Мария Витальевна Тепнина, на три года пережившая своего воспитанника, с безошибочной интуицией человека, прошедшего лагеря и ссылки, четко определила: «Это КГБ». Павел Мень считает, что КГБ убил отца Александра из мести после долгих лет безрезультатных преследований. В пользу этой версии говорит и тот факт, что все записи последних телевизионных выступлений отца Александра оказались размагниченными либо исчезли. «Видимо, „они“ не могли допустить и того, что в следующую пятницу, 14 сентября 1990 г., должен был открыться христианский канал на всесоюзном ТВ, и именно о. Александр возглавил бы его, — пишет Наталия Большакова. — Вечером 14 сентября в эфир должна была выйти его передача „Библейские беседы“. Все видеозаписи бесед отца Александра, сделанные журналистами и операторами этого канала, после убийства пропали бесследно».

«За какой-нибудь год о. Александр благодаря телевидению стал первым проповедником страны, — пишет Григорий Померанц. — Режиссеры, привлекавшие его, не сознавали, какую бурю зависти, раздражения и ненависти — до скрежета зубовного — они вызвали.
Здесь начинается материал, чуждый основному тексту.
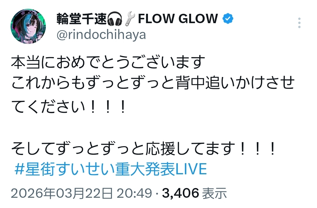 | … | 77無題Name名無し 26/03/22(日)20:52:49 IP:160.249.*(spmode.ne.jp)No.11733996+そういえば生誕ライブだったわ |
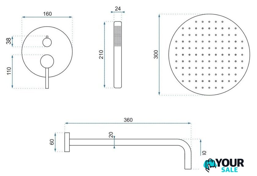 | Диаметр (ширина) верхнего душа | 300 мм |
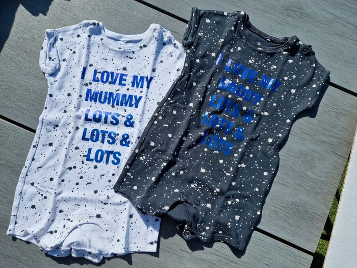 Lot de 2 rompers Comme neuf, très peu porté Taille 9 - 12 mois Maison non fumeur Tous les vêtements sont lavés, ils sont stockés au sec et à l'abri de la lumière
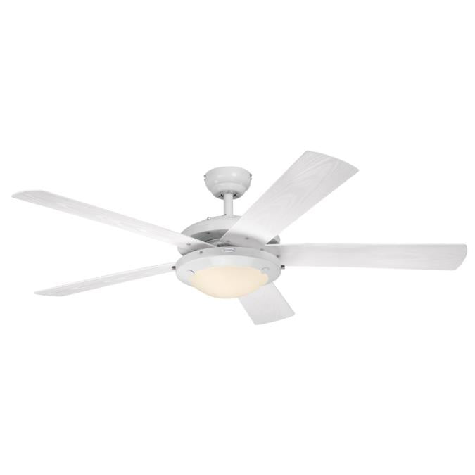 Designed especially for patios, verandahs, and gazebos, the Indoor/Outdoor Comet Ceiling Fan 7200800 brings indoor comfort outdoors. With a white finish, integrated frosted glass light fixture, and white ABS blades, the Comet epitomizes casual transitional style.
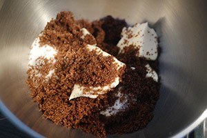 1. Verwarm de oven op 170 graden. Gebruik 10 gr van de boter om de cakevorm in te vetten. Mix met een mixer de andere 240 gr boter met de gewone suiker, de basterdsuiker en de vanillesuiker tot een romig mengsel.

Раздражал самый облик о. Александра, благородные черты его библейского лица, открывшегося десяткам миллионов с экрана телевизора. Всем своим обликом Александр Мень разгонял мрачные призраки, созданные черносотенным воображением. И это не могло пройти даром».
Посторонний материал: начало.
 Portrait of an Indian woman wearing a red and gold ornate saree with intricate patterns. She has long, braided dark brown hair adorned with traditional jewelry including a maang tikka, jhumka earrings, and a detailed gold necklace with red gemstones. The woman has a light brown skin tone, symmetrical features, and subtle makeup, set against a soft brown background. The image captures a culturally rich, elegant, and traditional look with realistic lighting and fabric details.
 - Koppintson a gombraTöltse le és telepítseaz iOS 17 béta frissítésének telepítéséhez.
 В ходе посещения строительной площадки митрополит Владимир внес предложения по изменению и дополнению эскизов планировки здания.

«Следствие по этому делу меня поразило, — рассказывает Павел Мень. — Я даже не представлял, что в гибели брата может быть замешан КГБ. В первый раз меня вызывали как понятого, при мне просматривали все вещи в кабинете Александра при храме. И в дальнейшем я всё время присутствовал при расследовании. Разговаривая с простыми милиционерами, пытался им сочувствовать, мол, как вам трудно расследовать, на что они мне отвечали, что „мы здесь отдыхаем, ничего не расследуем, всё решается наверху“. Когда меня в очередной раз вызвал следователь и начал задавать какие-то вопросы, совершенно не относящиеся к делу, я не удержался, спросил его: „Почему вы ничего не ищете, ведь уже месяц прошел?“ На что он цинично улыбнулся и ответил: „Что вы, мы уже девять томов дела ‘нашили’“.